When I serve someone a salad, I want to have something I can feel.
I am in the throes of what I’m calling ‘Project Thirst Bod’ which means I want to trim down my dad bod and get to a place where I can at least get topless by a pool without feeling as though I’m on the cusp of being harpooned.
It’s in these throes I always introduce salads into my weekly food consumption. It’s through gritted teeth, admittedly, as I would much rather be doing snow angels in a Mac & Cheese but needs/musts and all that.
So when I do have a salad, like I said, I want my body to know I’ve eaten. I do have a bunch of salads on this website (I do go through a bit of a phase a few years ago where I thought I was a Deliciously Helmsley Person. I am not) however, I have clung onto big, hearty salads that don’t have my scratching the fridge door at 3am.
This is a warm, deeply spiced salad that is draped across a plethora of leaves and drizzled with a super quick, sexy, gleaming dressing that takes all of seconds to make. It’s a salad that is equally as delicious hot as it is cold the next day at the work desk, and the best part is that everything is done in the oven so you don’t need to panic with too much chopping.
Thumbs up all around.
Preheat the oven to 200c.
Cut up the neck part (the long bit) of a butternut squash into slices. I don’t bother to peel it, just give it a wash. Throw the slices into a deep roasting tray and drizzle them with olive oil.

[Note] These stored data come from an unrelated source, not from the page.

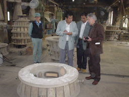 今回の視察中、圧巻は、日本最大のシェア(80%)を誇る梵鐘メーカー老子製作所で見学させていただいた、重さ250トンの梵鐘の鋳造工程でした。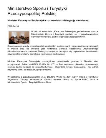 Ministerstwo Sportu i Turystyki Rzeczypospolitej Polskiej Minister Katarzyna Sobierajska rozmawiała z delegacją niemiecką 2012-04-16 W dniu 16 kwietnia br., Katarzyna Sobierajska, podsekretarz stanu w Ministerstwie Sportu i Turystyki spotkała się z przedstawicielami niemieckich mediów, partii i organizacji pozarządowych. Koordynatorem wizyty przedstawicieli niemieckich mediów, partii i organizacji pozarządowych w Polsce oraz na Ukrainie jest Federalna Centrala Kształcenia Obywatelskiego (Bundeszentrale für politische Bildung) – instytucja zajmująca się popieraniem świadomości obywatelskiej w duchu demokracji i politycznej partycypacji. Minister Katarzyna Sobierajska szczegółowo przedstawiła gościom z Niemiec stan przygotowań Polski do UEFA EURO 2012TM. – Bez wątpienia piłkarska reprezentacja Niemiec będzie należała do faworytów turnieju – stwierdziła minister Sobierajska. – My jednak trzymamy kciuki za naszą drużynę narodową. W spotkaniu z przedstawicielami m.in. Deutche Welle-TV, ZDF, NDR1 Radio i Frankfurter Allgemeine Zeitung, uczestniczył również dyrektor Biura do Spraw EURO 2012 w Ministerstwie Sportu i Turystyki Dariusz Buza.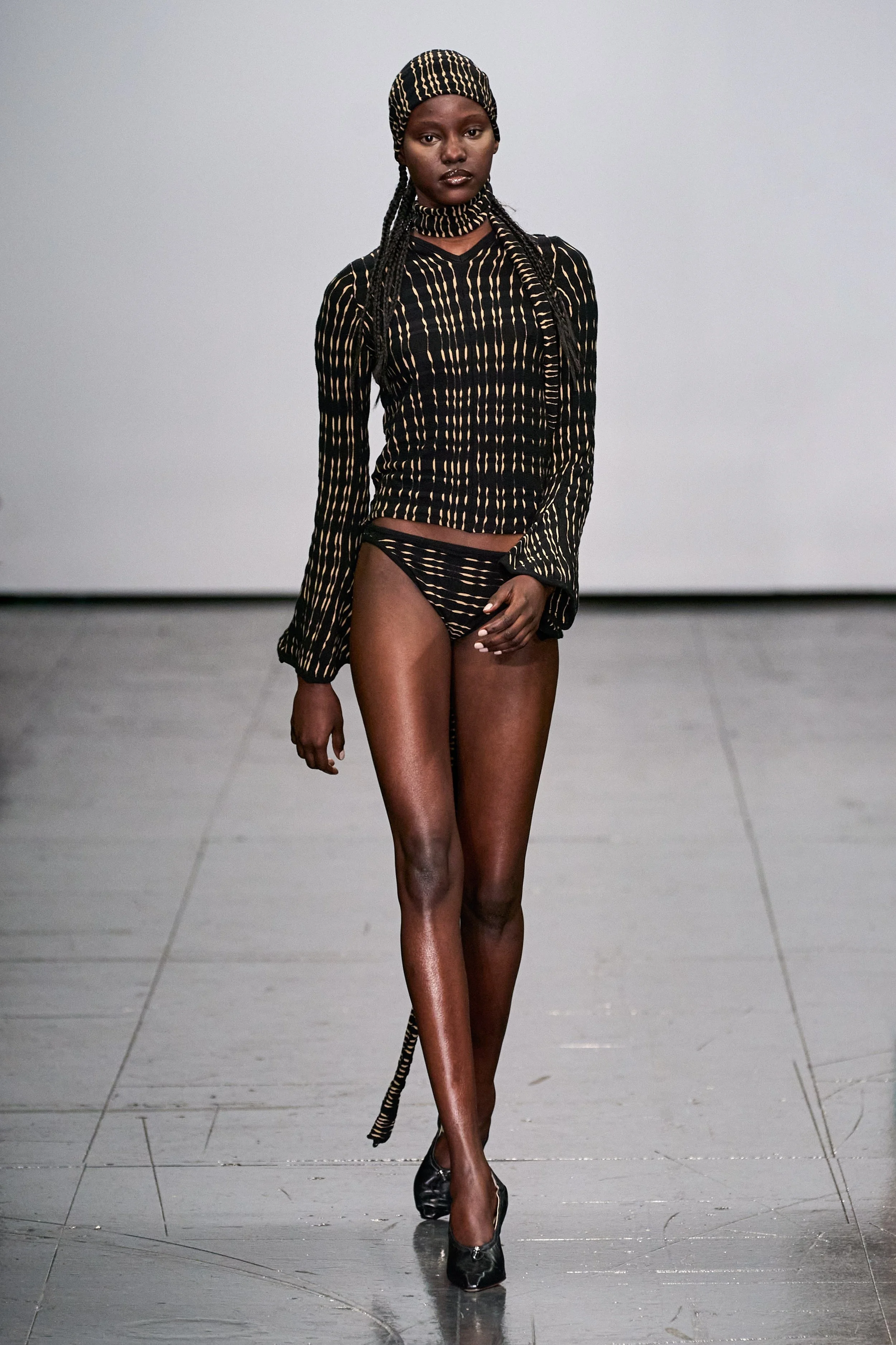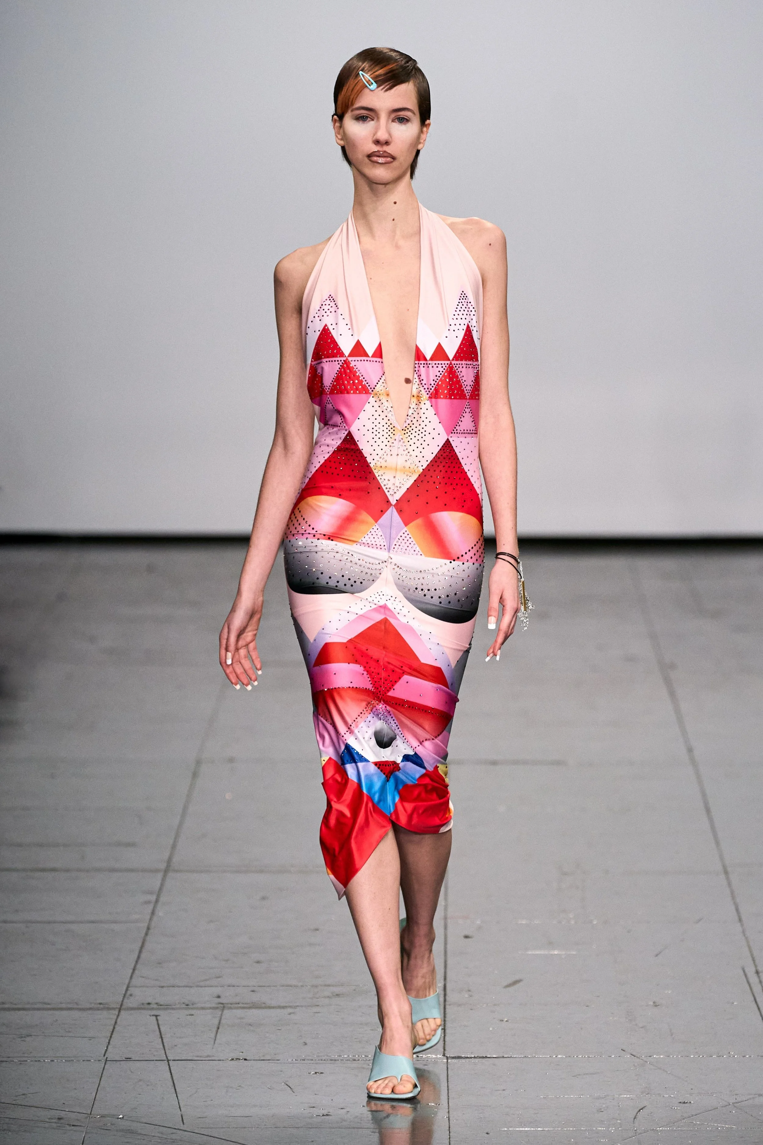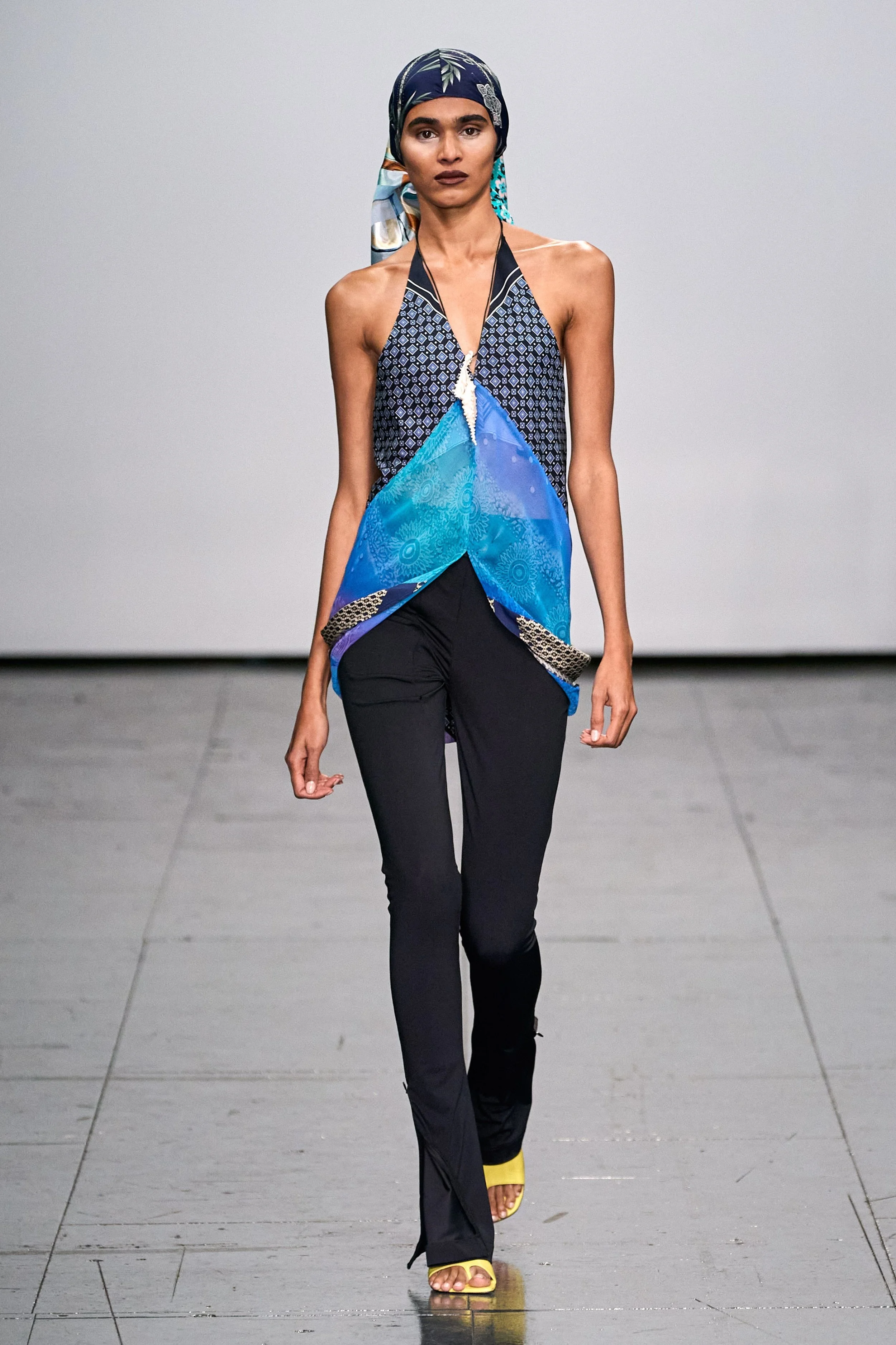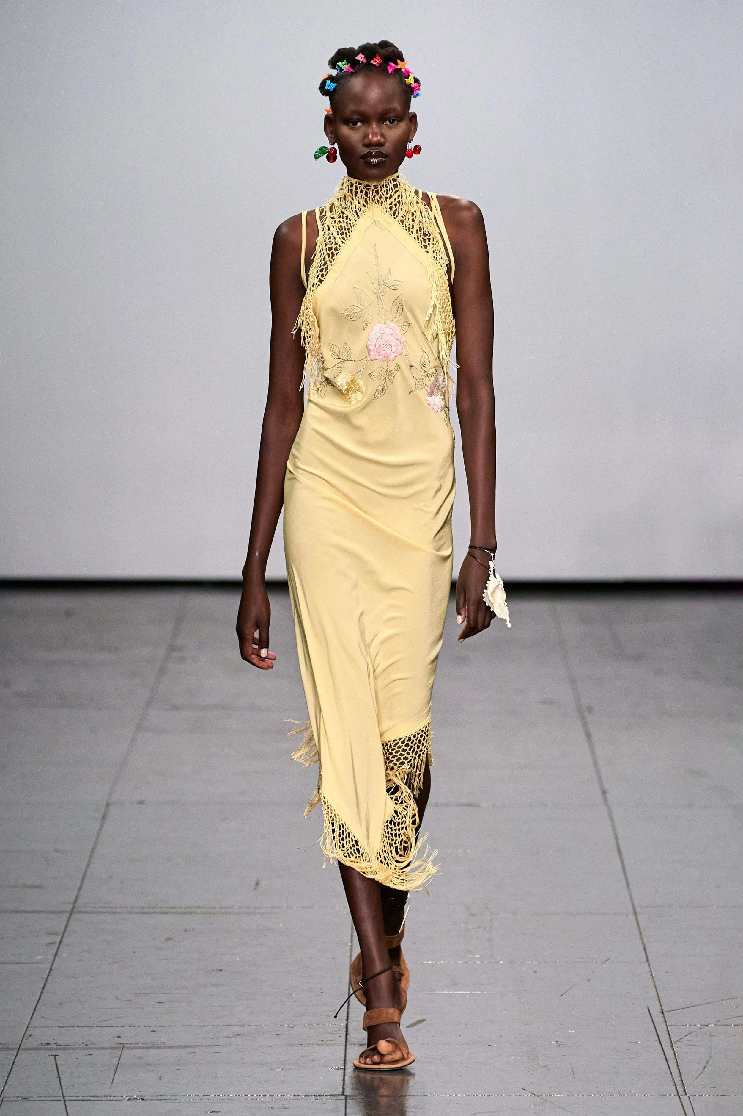 Showing on Friday, each look defined a powerful archetype, fueled by his American roots. There was The Career Girl, a portrayal of Anne Hathaway’s role of Andy Sachs in The Devil Wears Prada, representing the layers of confidence through reconstructed Polish Military blankets. Then there was The America’s Next Top Model Girl mirroring the models’ uniforms - a bootcut jean, white camisole and stilettos, worn throughout the iconic Tyra Banks show. The technique behind each look is deeply unique to his way of creating, which is utilising deadstock, upcycling as much as possible, whilst crafting silhouettes that are exceedingly fun to wear. As each model strolled down the runway, a layered sense of the American Girl and its TV/cinema portrayal, moulded and sculpted through media, and embraced by all of us in the 21st century.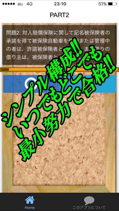 このアプリは、損保一般商品単位試験に効率的に合格できるよう、過去問をクイズ形式でまとめました。

Scatter over a teaspoon of cumin and smoked paprika. Drop in half a teaspoon of cinnamon and a scattering of salt and pepper. Grate in the zest of one lemon and toss everything together so that it’s evenly coated. Slip in the oven for 40 minutes.
During this time, drain a can of black eyed peas and put them in a bowl. Squirt over a generous tablespoon of tomato paste and stir together so that the BEP’s are coated.
After 20 minutes of the squash roasting, take it out of the oven, fling in the tomatoey BEP’s and then put back in the oven for the final 20 minutes.
During this time, in a jug, combine four tablespoons of natural yogurt with a teaspoon of Dijon mustard, a tablespoon of extra virgin olive oil, a tablespoon of apple cider vinegar and some salt and pepper. Give everything a stir. Arrange a big handful of salad leaves on a plate.
Throw the squash and BEP’s on the leaves, drizzle with some of the Mustard Lemon dressing and scatter over some flaked almonds.